Join us at RedisDays Atlanta

Redis Best Practices

Lexicographical Encoding

Sorted Sets (ZSETs), beyond ranking by score, have an interesting property that can be leveraged to create a roughly alphabetic sorting mechanism. This property is that members of the same score can be returned in lexicographic order with bounds. Let’s take the following data:

> ZADD animal-list 0 bison 0 boa 0 dog 0 emu 0 falcon 0 alligator 0 chipmunk

The command above adds some animals to a key animal-list. Each member always the same score (0). Running the ZRANGE command with arguments 0 (representing the first item)  and -1 (which represents the “last” member by score), we’ll see a curious order:

> ZRANGE animal-list 0 -1
1) "alligator"
2) "bison"
3) "boa"
4) "chipmunk"
5) "dog"
6) "emu"
7) "falcon"

Despite the items being entered in a non-alphabetical order, the items are returned properly sorted alphabetically. This sort order is actually a result of string comparisons being done on a binary-safe, byte-by-byte basis. This means that ASCII characters will be returned in proper English alphabetical sorting order. This has a few of implications:

  • Lower and upper cases will not be understood as the same letter
  • Multi-byte characters will not be sorted in expected ways

Redis also provides some advanced features to further narrow lexicographic searches. As an example, let’s say we want to return the animals starting with ‘b’ and ending with ‘e’. We can use the this command:

> ZRANGEBYLEX animal-list [b (f
1) "bison"
2) "boa"
3) "chipmunk"
4) "dog"
5) "emu"

The argument (f might be slightly surprising.

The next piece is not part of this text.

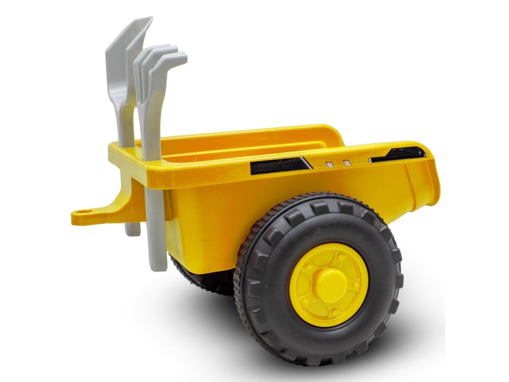 Traktůrek má rozměry 89 × 32 × 35,5 cm, je lehký, ale zároveň stabilní a zvládne zátěž až 25 kg. Protiskluzová kola se postarají o bezpečnou jízdu, a když se malý řidič rozjede, může navíc zatroubit houkačkou. Do přívěsu se vejde vše potřebné – od hraček až po písek – a díky přiložené lopatce a hrábím může začít hned pořádná práce na „poli“.

This is an important point—because Redis has no notion of actually understanding alphabetic letters, this means that we have to consider that anything starting with an e will always be sorted before anything starting with an f, regardless of subsequent letters. The other items of note are that a square bracket represents inclusive search while the paren represents exclusive search. In our case, if we had a member of b, it would be included in the list, while f would not given this the above command. If you wanted to get all items past a certain point you would use the hex encoding of the last character (255 or 0xFF):

> ZRANGEBYLEX animal-list [c "[xff"
1) "chipmunk"
2) "dog"
3) "emu"
4) "falcon"

This same command can also be limited to provide a paging effect. Take for example the following commands and responses:

> ZRANGEBYLEX animal-list [b (f LIMIT 0 2
1) "bison"
2) "boa"
> ZRANGEBYLEX animal-list [b (f LIMIT 2 2
1) "chipmunk"
2) "dog"

The only caveat is that time complexity will continue to grow based on the offset (the first argument after LIMIT). So, if you have 1 million members and you’re trying to get the last two, as example, this requires traversal of of the all 1 million items.